Records for this exercise -

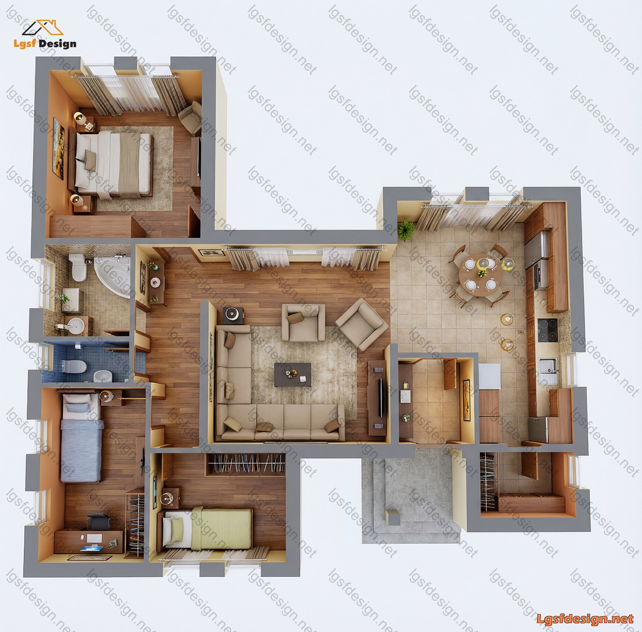 This 116 m² residential house is designed with a Light Steel Frame (LSF) structural system, combining modern construction technology with a warm and functional architectural layout. The plan has been carefully organized to create a clear separation between private and public zones, ensuring both comfort and efficiency in daily living.
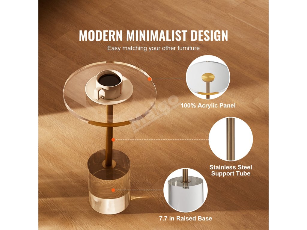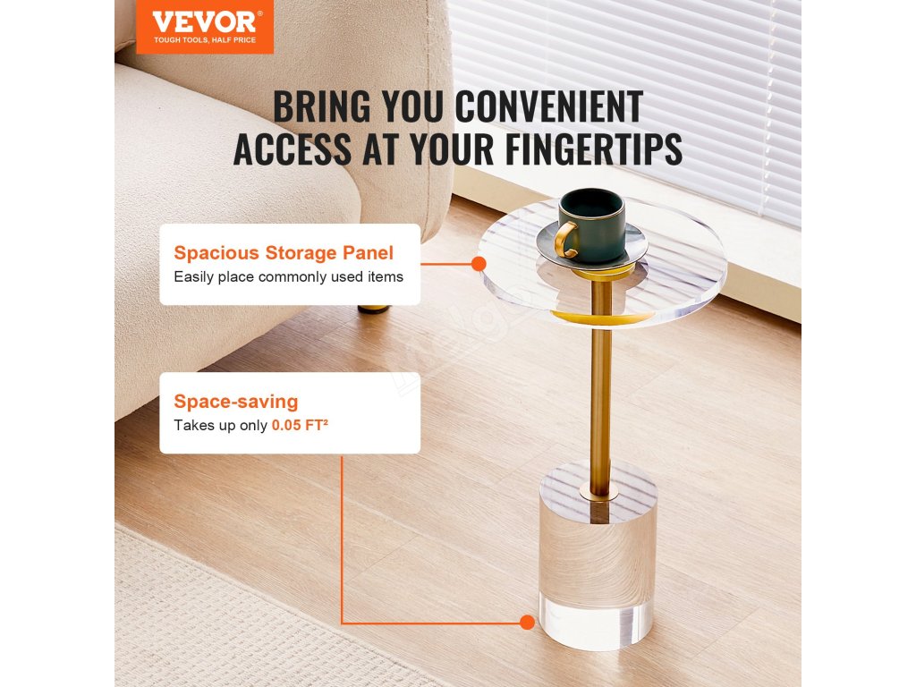 Náš akrylový koncový stolek s výškou 21,4 palce/543 mm kolem vás vytvoří malý úložný prostor. Zajistěte si pohodlný přístup k věcem, které máte po ruce!
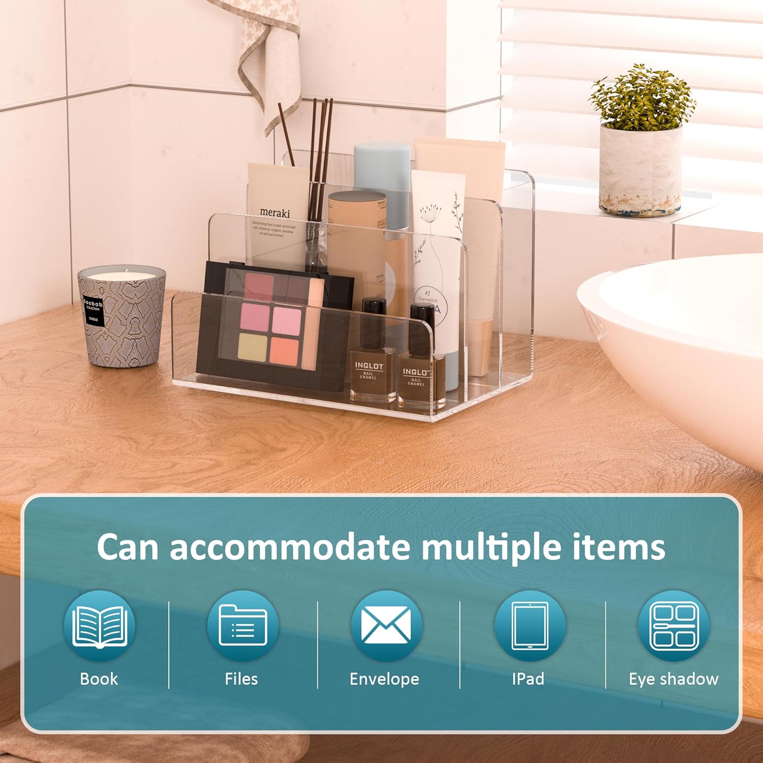 • Wide Application: The acrylic holder can be used for so many items display. It can be used for files, envelope, documents, magazines, phone, letters in your office. Or you can use it for cosmetics,Ipad, vinyls, eye shadows, makeups in your home. Multifunctions for your goods organizer.
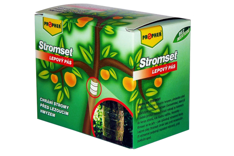 STROMSET lepový pás slúži ako ochrana stromov pred lezúcim hmyzom, najmä bezkrídle samičky piadiviek, puklice a mravce. Dĺžka pásu 300 cm umožní ošetriť priemerne 6 stromov. Súprava obsahuje aj samolepiace prúžky na ľahké upevnenie pásu na kmeň.
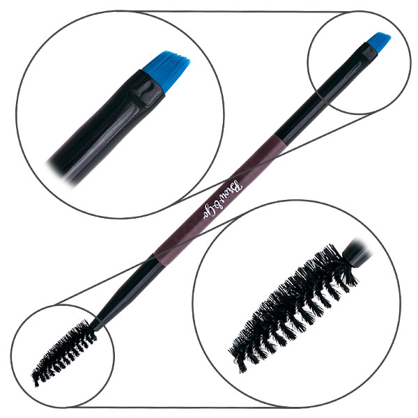 Двусторонняя скошенная кисть с щеточкой для нанесения составов и краски во время процедуры стайлинга бровей
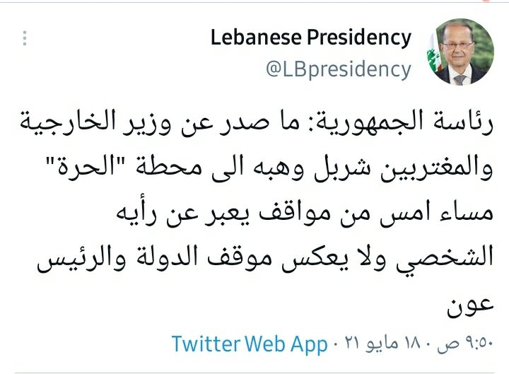 وتصريح وزيره لا يمثّل لبنان. كما جرى البحث في إمكانية قيام الوزير. شربل وهبه وزير الغباء الخارجي. قالت الرئاسة اللبنانية، إن تصريحات وزير الخارجية بحكومة تصريف الأعمال اللبنانية، شربل وهبة، بمقابلة تلفزيونية. غرد الوزير السابق نهاد المشنوق عبر حسابه على تويتر:
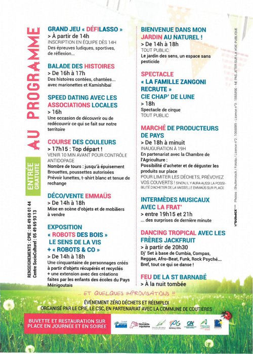 Au programme : course des couleurs, lectures contées-chantées, grand jeu de piste, vente/déco Emmaüs, marché de producteurs de Pays co-organisé avec la Chambre de l’Agriculture, et une programmation culturelle.
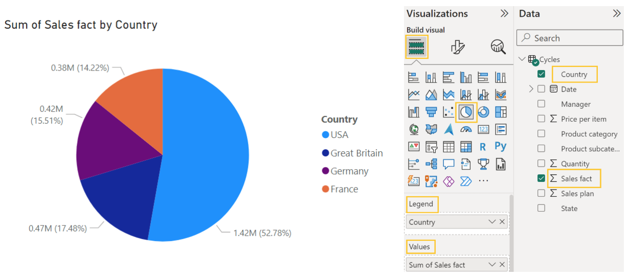 Построить круговую диаграмму очень просто: помещаем категории (Страны) в поле Условные обозначения (Legend), а количественный показатель (Продажи факт) – в поле Значения (Values). Оформление по умолчанию выглядит не так уж плохо (рисунок 4–2):
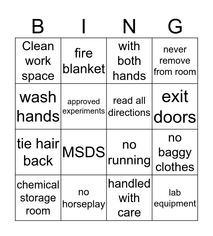 This bingo card has 24 words: fire extinguisher, emergency eye wash, exit doors, tell the teacher, wash hands, Clean work space, approved experiments, fire blanket, no horseplay, no food or drink, tie hair back, no running, closed toe shoes, sharps container, read all directions, no jewelry, handled with care, with both hands, MSDS, no baggy clothes, chemical storage room, lab equipment, never remove from room and gloves.

Prompt -
Only the lines from the one with "Построить круговую диаграмму" through the final line of the entries belong in the answer, set down exactly, with both ends included and no pictures.

Answer to this problem -
 Построить круговую диаграмму очень просто: помещаем категории (Страны) в поле Условные обозначения (Legend), а количественный показатель (Продажи факт) – в поле Значения (Values). Оформление по умолчанию выглядит не так уж плохо (рисунок 4–2):
 This bingo card has 24 words: fire extinguisher, emergency eye wash, exit doors, tell the teacher, wash hands, Clean work space, approved experiments, fire blanket, no horseplay, no food or drink, tie hair back, no running, closed toe shoes, sharps container, read all directions, no jewelry, handled with care, with both hands, MSDS, no baggy clothes, chemical storage room, lab equipment, never remove from room and gloves.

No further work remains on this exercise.